Only the lines below between the one holding "Terug naar de" and the one holding "Are My Sunshine)哄Bailey入睡。", inclusive, are to be reproduced word for word; the pictures are to be left out.

Source information —
=-=-=

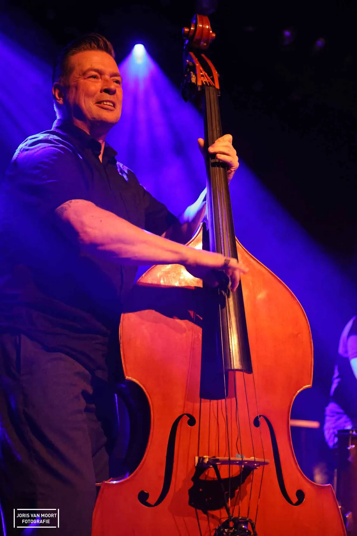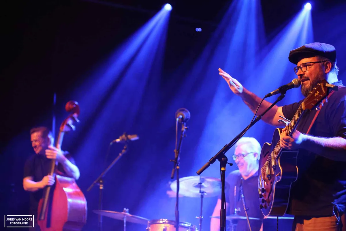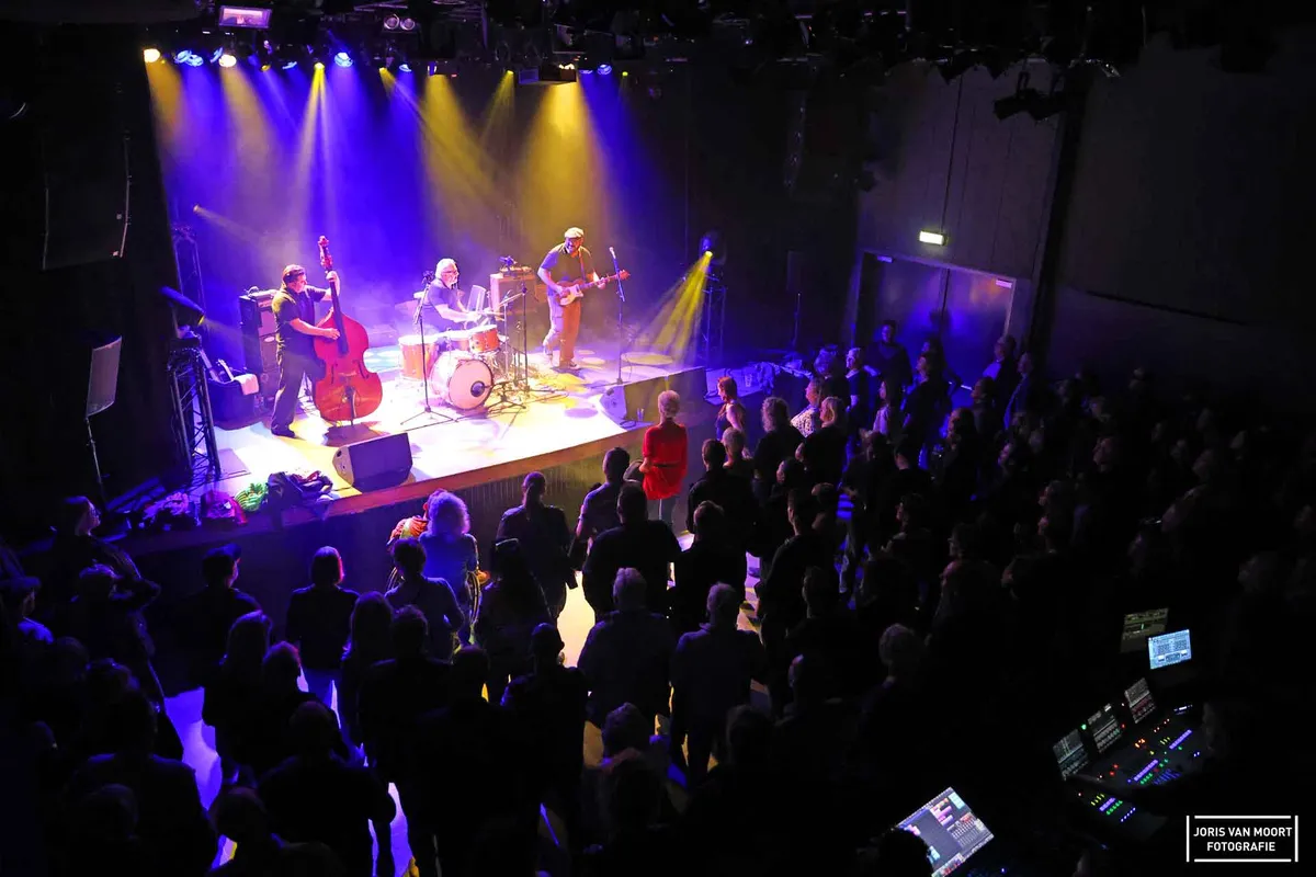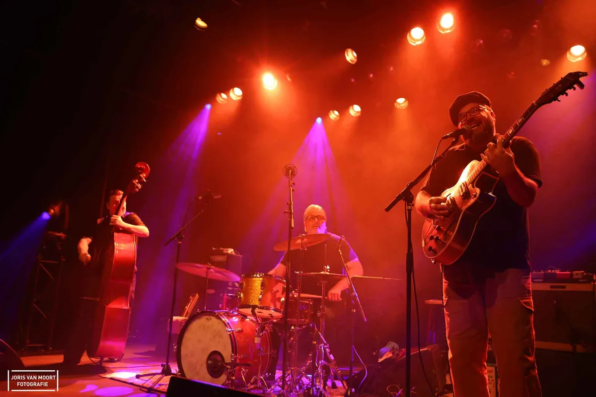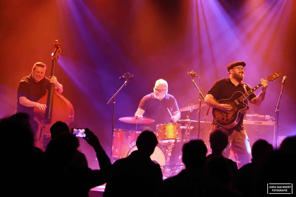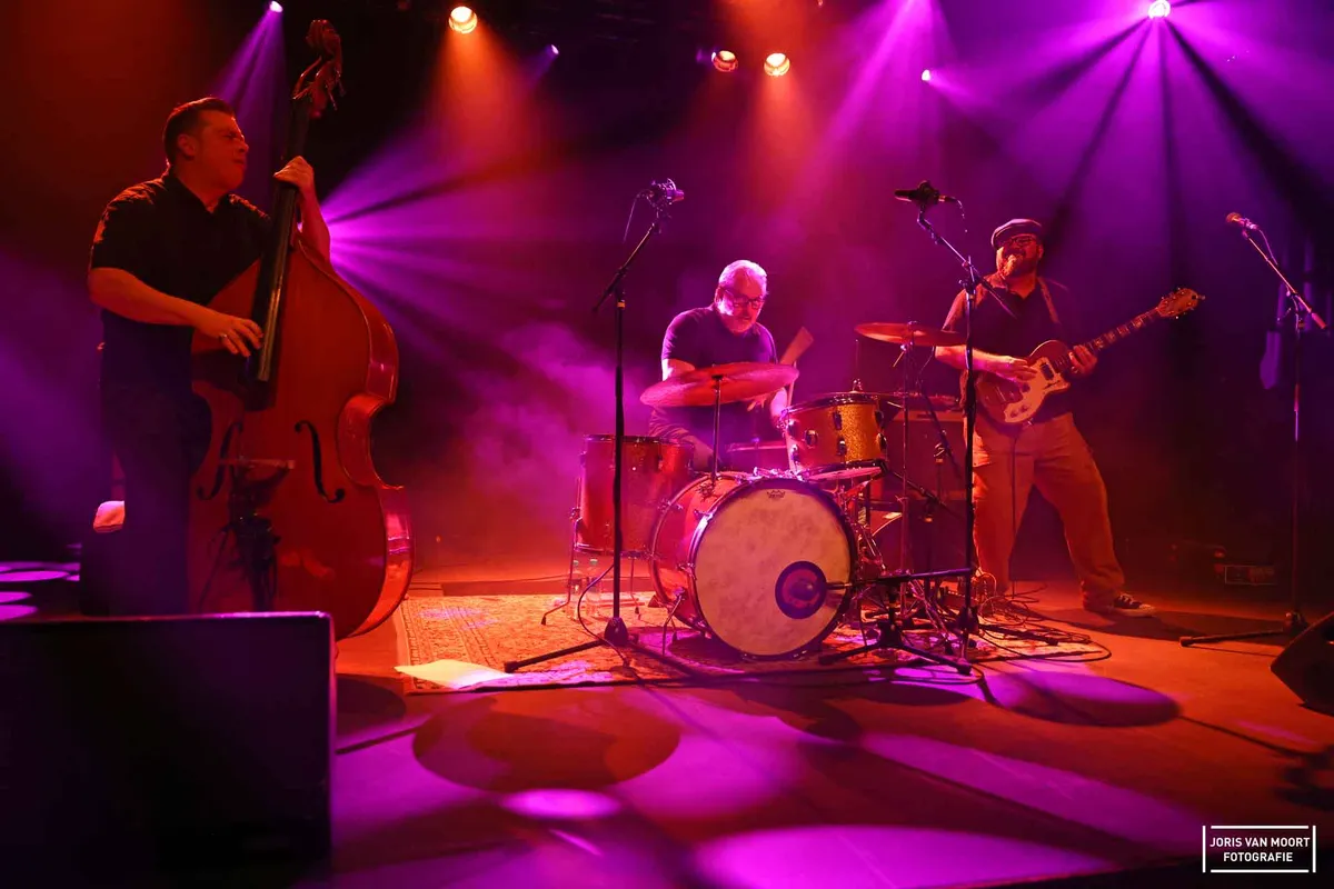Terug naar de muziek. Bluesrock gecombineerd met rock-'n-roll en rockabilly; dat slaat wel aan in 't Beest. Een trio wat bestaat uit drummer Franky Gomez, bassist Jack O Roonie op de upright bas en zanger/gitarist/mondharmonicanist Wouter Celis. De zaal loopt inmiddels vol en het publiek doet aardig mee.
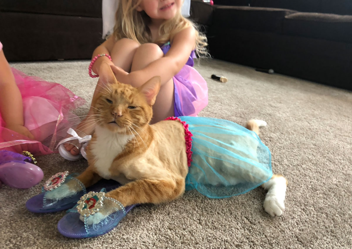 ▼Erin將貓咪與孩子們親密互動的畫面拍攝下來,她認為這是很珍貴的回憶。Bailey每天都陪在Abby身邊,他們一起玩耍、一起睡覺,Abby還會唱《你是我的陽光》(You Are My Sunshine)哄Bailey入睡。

=-=-=

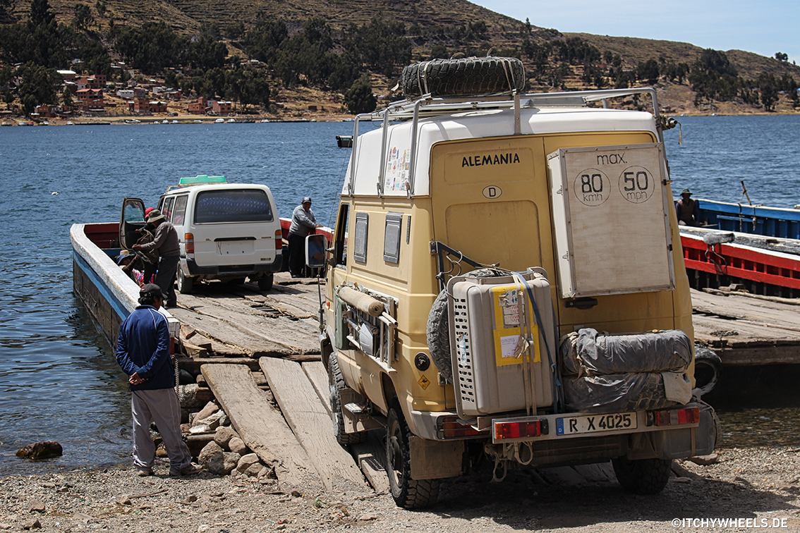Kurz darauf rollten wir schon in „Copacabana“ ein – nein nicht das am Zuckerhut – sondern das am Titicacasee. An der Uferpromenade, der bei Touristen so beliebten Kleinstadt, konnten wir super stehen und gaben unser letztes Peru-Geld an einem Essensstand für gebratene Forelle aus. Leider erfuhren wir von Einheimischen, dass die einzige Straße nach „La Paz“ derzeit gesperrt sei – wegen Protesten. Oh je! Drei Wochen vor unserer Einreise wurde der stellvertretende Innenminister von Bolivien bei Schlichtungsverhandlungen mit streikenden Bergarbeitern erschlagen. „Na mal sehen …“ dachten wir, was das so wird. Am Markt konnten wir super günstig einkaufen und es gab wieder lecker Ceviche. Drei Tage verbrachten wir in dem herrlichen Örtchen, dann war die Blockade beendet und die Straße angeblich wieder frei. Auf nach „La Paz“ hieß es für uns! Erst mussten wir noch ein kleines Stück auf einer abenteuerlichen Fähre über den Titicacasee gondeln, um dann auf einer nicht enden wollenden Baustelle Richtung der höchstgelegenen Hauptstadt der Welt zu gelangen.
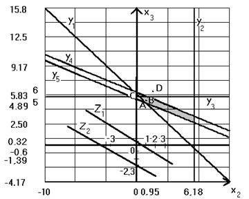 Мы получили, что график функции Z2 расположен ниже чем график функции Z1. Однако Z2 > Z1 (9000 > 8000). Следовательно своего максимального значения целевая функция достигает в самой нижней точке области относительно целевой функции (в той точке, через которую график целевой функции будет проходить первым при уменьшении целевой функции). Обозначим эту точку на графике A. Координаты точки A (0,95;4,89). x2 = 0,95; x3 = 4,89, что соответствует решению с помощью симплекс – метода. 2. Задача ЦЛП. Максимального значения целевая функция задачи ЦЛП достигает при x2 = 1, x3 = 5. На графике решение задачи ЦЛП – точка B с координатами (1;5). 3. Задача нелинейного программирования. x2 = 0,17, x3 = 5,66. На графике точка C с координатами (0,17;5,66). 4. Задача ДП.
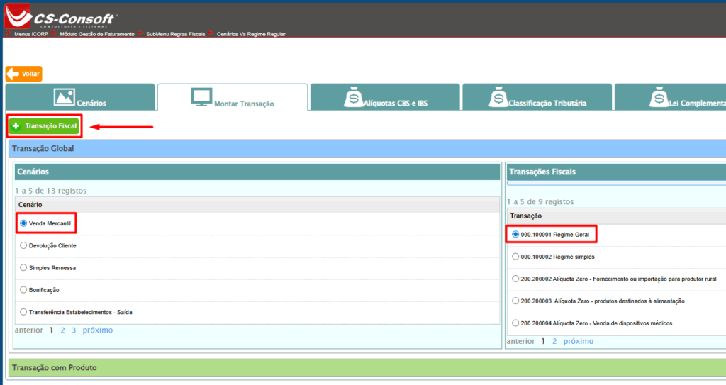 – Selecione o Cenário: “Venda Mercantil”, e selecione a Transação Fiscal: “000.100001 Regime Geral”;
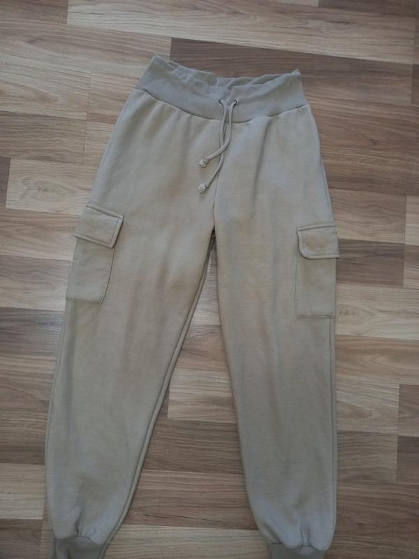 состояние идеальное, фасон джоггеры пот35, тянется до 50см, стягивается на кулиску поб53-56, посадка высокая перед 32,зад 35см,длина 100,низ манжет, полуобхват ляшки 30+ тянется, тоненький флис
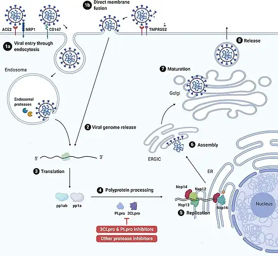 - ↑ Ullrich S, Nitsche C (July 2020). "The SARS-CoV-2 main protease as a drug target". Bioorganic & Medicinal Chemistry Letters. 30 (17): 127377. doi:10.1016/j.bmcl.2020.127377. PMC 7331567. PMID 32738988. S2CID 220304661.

=-=-=

Your response —
Terug naar de muziek. Bluesrock gecombineerd met rock-'n-roll en rockabilly; dat slaat wel aan in 't Beest. Een trio wat bestaat uit drummer Franky Gomez, bassist Jack O Roonie op de upright bas en zanger/gitarist/mondharmonicanist Wouter Celis. De zaal loopt inmiddels vol en het publiek doet aardig mee.
 ▼Erin將貓咪與孩子們親密互動的畫面拍攝下來,她認為這是很珍貴的回憶。Bailey每天都陪在Abby身邊,他們一起玩耍、一起睡覺,Abby還會唱《你是我的陽光》(You Are My Sunshine)哄Bailey入睡。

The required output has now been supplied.